A month after the tragedy, the British periodical well-known for juicy leaks, the Private Eye reported that among the passengers in the ill-fated US airliner were officers from the US Intelligence outfit, the CIA, who had been in Iran to negotiate a secret deal to release American and other western foreigners held hostage in Iran and Lebanon.
The report went further to say that during the visit to Iran by President Moi a month before the Lockerbie tragedy, it had been agreed with Iranian authorities that Dr Ouko be one of the go-betweens in the Iran/US secret negotiations.
The rationale was that Dr Ouko could be trusted as an honest broker by both Iranian and US diplomats with whom he had struck friendship in his role as Kenya’s foremost diplomat.
Neither Kenya or the US confirmed or denied the story carried in the British publication. Both conveniently assumed they never read or heard about it.
Lebanon hostage crisis had come about when a Lebanese terrorist group, Hezbollah, backed by the Iranian government, embarked on systematic abduction of foreign nationals in the country.
One of the captives was the CIA station chief in Beirut, one William Buckley, a happening that made Uncle Sam feel so humiliated and could go to any lengths to leverage with thugs in the Middle-East.
It was in the era of what the US has ever come close to a Donald Trump presidency.
A former Hollywood movie actor, a Californian called Ronald Reagan, was the man in the White House.
Like Trump, he had been elected on the strength of a doctrine of fear and had vowed that under his administration, the US would pull all the stops to face any threat, real or imagined.
Iran happened to be foremost in his radar, close to what Mexico is to President Trump.
When he came to power, the US was just recovering from humiliation after Iranians stormed the US embassy in Tehran and took everybody, including the ambassador, hostage.
Reagan had said never again, only for the abductions in Lebanon to happen when he was at the helm.
But like in the Trump case, the democrats had taken over at the US Congress during midterm elections and vowed to tame the Republican President.

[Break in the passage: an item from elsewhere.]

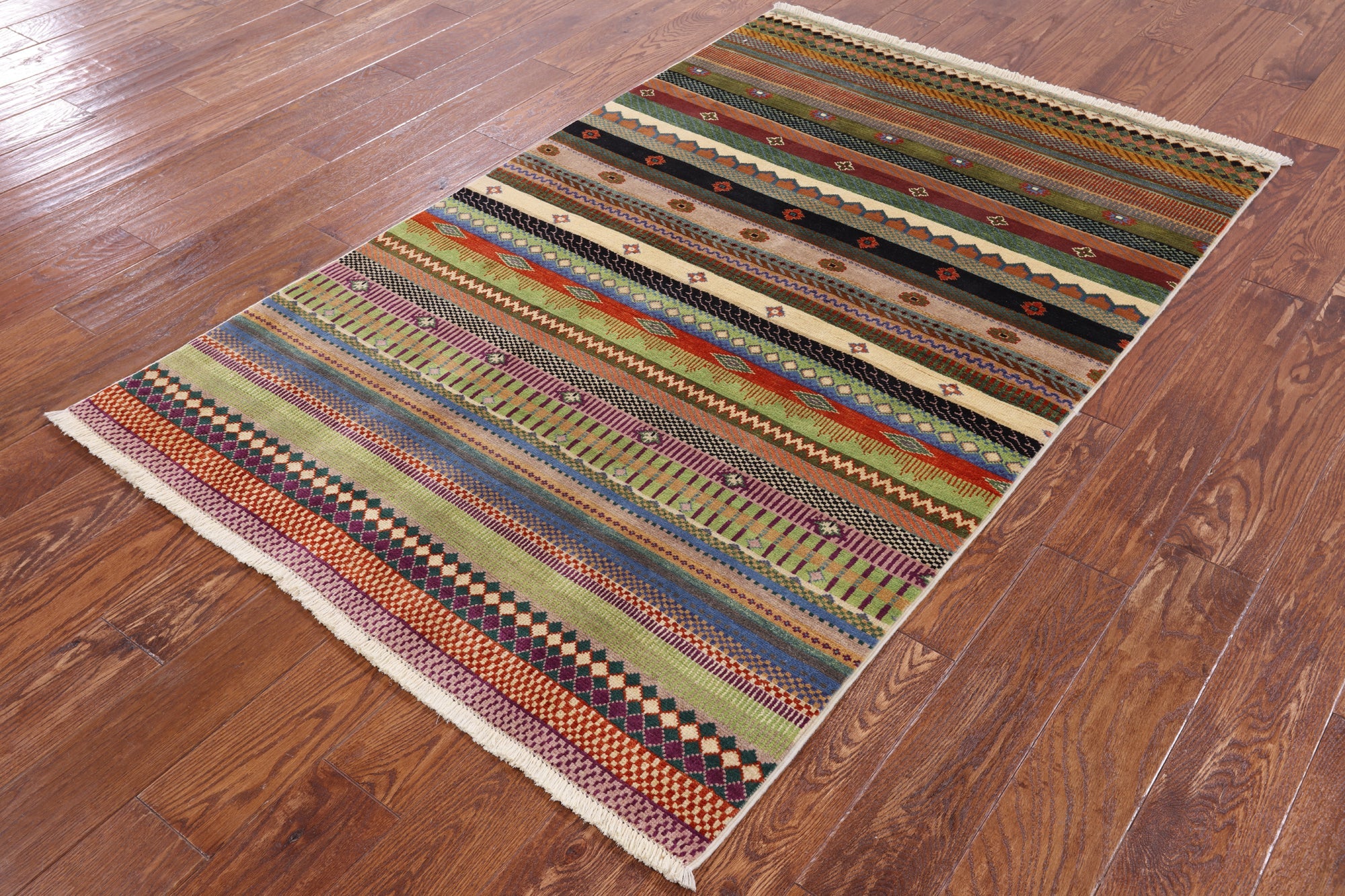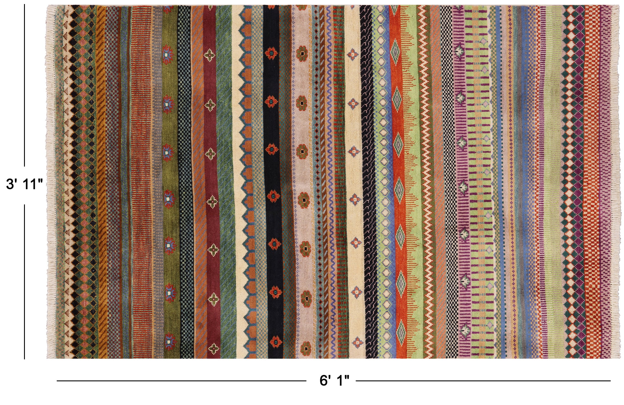 3' 11" X 6' 1" Persian Gabbeh Loribaft Hand Knotted Area Rug - P7470 is backordered and will ship as soon as it is back in stock.

Specifically, the Congress passed what was called the Bolard Amendment, which banned the CIA and the US military from interference in foreign conflicts without explicit approval of the Congress.
But President Reagan wasn’t about to be stopped by the Congress. Behind the scenes, he manoeuvred to cut corners and have his way.
In the Lebanon hostage crisis, he started circumventing the law that restricted arms sales to Iran.
He did so by having the CIA secretly sell arms to Iran and divert part of the proceeds to fund anti-communist rebels in then rogue Central American country of Nicaragua in what was called the Iran/Contra affair.
From the story in the British publication, the Private Eye, it would appear President Reagan also had other spanners in work in the Lebanon hostage crisis and where Kenya was looped in.
Dr Robert Ouko would mysteriously disappear, only to be found murdered slightly over a year after the Lockerbie tragedy.
Incidentally, he had just come from a trip in the US with the President when he vanished.
Libya would be accused of having masterminded the Lockerbie terrorist bombing of the US jetliner and forced to surrender, after long drawn pressure, two of her citizens for trial in Scotland, and also to compensate victims of the plane explosion.
The story was that Libya did so to revenge the bombing of her cities of Tripoli and Benghazi ordered by President Reagan two years before Lockerbie tragedy.
But five years ago, a former Iranian intelligence officer disclosed that it was Iran, working with Syria, that organised the Lockerbie bombing to revenge what was called “accidental” downing of an Iranian civilian jet by a US warship, killing 290 people five months before the Lockerbie tragedy.
All in all, nothing has ever came out clearly on who did what and why in the Lockerbie matter — least of all Kenya that was at some point looped in the murky affairs of the powder keg that is the Middle-East.
It reminds me of what my late Senator and MP GG Kariuki once told me. “In diplomacy, once in a while you find yourself in dark glasses on a dark night looking for a black cat in a dark room.” Tough luck!